What you are asked to do: Below are some records. Return exactly the lines from the one with "Small pea modules" to the one with "colei o telhado.", and nothing else.

*** Extracted data ***

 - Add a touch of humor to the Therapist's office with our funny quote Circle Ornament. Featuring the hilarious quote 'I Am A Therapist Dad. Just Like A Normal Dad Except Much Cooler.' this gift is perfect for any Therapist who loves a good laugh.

*** End of Extracted data ***
*** Extracted data ***

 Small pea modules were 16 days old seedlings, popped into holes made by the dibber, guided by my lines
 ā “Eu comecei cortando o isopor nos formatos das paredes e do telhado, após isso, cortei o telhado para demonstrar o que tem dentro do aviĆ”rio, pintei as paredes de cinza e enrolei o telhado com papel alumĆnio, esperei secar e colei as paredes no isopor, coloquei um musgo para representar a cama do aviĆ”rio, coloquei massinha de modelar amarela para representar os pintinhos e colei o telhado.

*** End of Extracted data ***

Exercise answer:
 Small pea modules were 16 days old seedlings, popped into holes made by the dibber, guided by my lines
 ā “Eu comecei cortando o isopor nos formatos das paredes e do telhado, após isso, cortei o telhado para demonstrar o que tem dentro do aviĆ”rio, pintei as paredes de cinza e enrolei o telhado com papel alumĆnio, esperei secar e colei as paredes no isopor, coloquei um musgo para representar a cama do aviĆ”rio, coloquei massinha de modelar amarela para representar os pintinhos e colei o telhado.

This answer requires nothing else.